2019/04/19

【bjcup2019】総括――東海大付相模、つくば秀英、大阪学院、保善に見る今大会

 藤枝明誠(静岡)が桜丘(愛知)を下して優勝を遂げた「バスケットボールジャパン2019東進ハイスクールU18」。決勝まで勝ち上がった両チームだけでなく他のチームも勝負にこだわる姿勢を見せ、公式戦さながらの熱戦が続いたが、本当の勝負はこれからだ。インターハイ都道府県予選に向けて各チーム、勝敗とはまた別のテーマを掲げていた。


 初日3試合目となる能代工業戦で勝利し準決勝まで駒を進めた東海大付相模(神奈川)原田政和HC(ヘッドコーチ)が言う。

「神奈川県予選は土日に1試合ずつなので、初日にいいゲームをした後、翌日の試合で疲労があってもしっかり戦えることが重要です。ところが昨日、能代工業に勝利したのに、今日は藤枝明誠に対してディフェンスのプレッシャーなど個々の役割が果たせていません。体力面はトレーニングで備えているので、このような大会を自信にして連戦でも安定して戦える強さを身に付けてほしい」

 準決勝で桜丘に敗れたつくば秀英(茨城)も茨城県予選突破に向けてチームレベルの底上げを図っている。稲葉弘法HCがこう明かす。

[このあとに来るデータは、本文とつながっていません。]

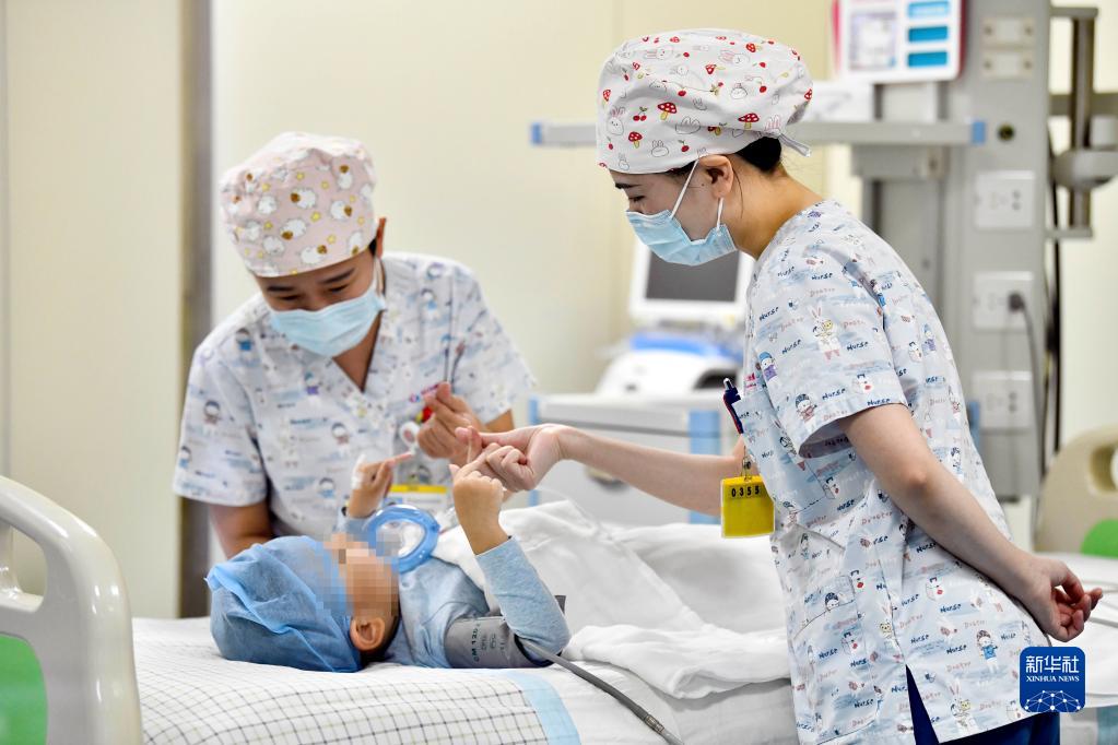 在山東省棗莊市婦幼保健院兒童ICU病房,醫護人員為完成靶向治療藥物諾西那生鈉的4歲脊髓性肌萎縮癥患兒加油鼓勁(2022年1月1日攝)。諾西那生鈉注射液是我國首個獲批治療脊髓性肌萎縮癥的進口藥物,2019年進入中國市場時,每針價格近70萬元。在2021年國家醫保目錄藥品談判中,以3.3萬元每針的價格進入新版醫保藥品目錄。新華社記者 郭緒雷 攝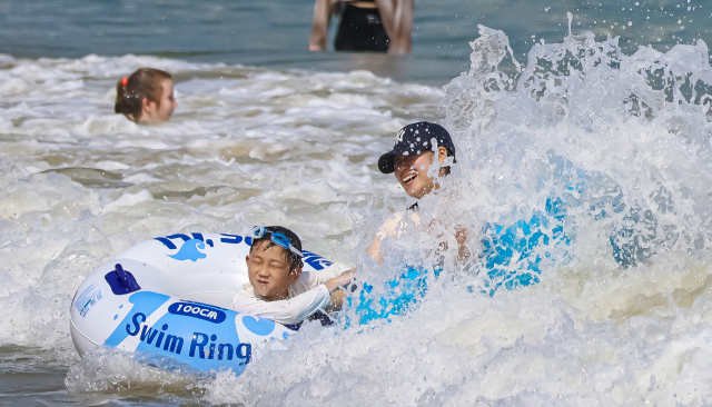 무더위가 이어진 9일 부산 수영구 광안리 해수욕장을 찾은 관광객들이 해수욕을 즐기고 있다. 김종진 기자 kjj1761@

「この大会で選手にチャンスをあげようと思いました。練習試合で点差が開いてから出場させるのではなく、今大会のような『生きたゲーム』の競った中で起用し『自分が6番手なんだ』という意識を持ってもらいたい。チームに6番手が10人くらいいるようなイメージでチーム作りを進めることでチョイス(選択肢)が増え、いろいろな戦い方ができると思うのです」

 約2ケ月先にインターハイ予選を控える関東ブロックのチームとは違う状況下にあるのが関西ブロックの大阪学院(大阪)だ。4月に予選が始まり、5月には出場をかけた大事な一戦を控える。まさに今大会が直前合宿のような位置付けだ。

「大阪府内でも高さで劣る試合があるので、そのための対策も試してみました。何より仕上げの段階なので、選手には自信を持ってプレーしてほしかった」と高橋渉HC。相手の特性に応じて、様々な役割が向けられそうなのが#4柏原壮太朗だ。

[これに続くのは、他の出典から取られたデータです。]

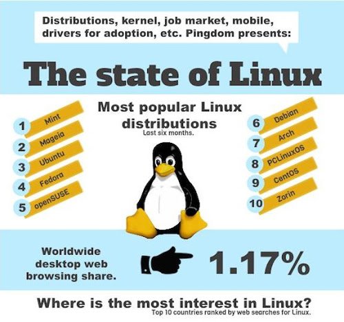 Il portale Pingdom ha rilasciato in questi giorni un’interessante iconografia nella quale troviamo lo stato attuale di Linux nel mondo.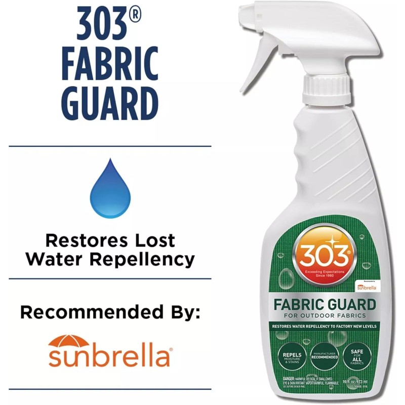 - Stain Resistance – Rejuvenates your fabric's shield against frustrating spots and stains. Simple and easy to use, 303 Fabric Guard helps protect against water-based accidents while drying invisible and keeping fabric vibrant.

「関東のチームは関西のチームよりディフェンスのプレッシャーが強く、ボール回しも早い。そうしたプレーに対応できませんでしたが、インターハイ予選に向けていい経験になりました」

 全国から強豪チームが集結し、チーム・選手にとって経験を重ねる場となった「バスケットボールジャパン2019東進ハイスクールU18」。7回目を迎えたこの大会は元々、保善高校(東京)を中心に開催されていた「保善カップ」と提携しながら大会を発展させてきた。初日に能代工業に敗戦を喫した直後、保善・森茂達雄HCが感慨深げに振り返った。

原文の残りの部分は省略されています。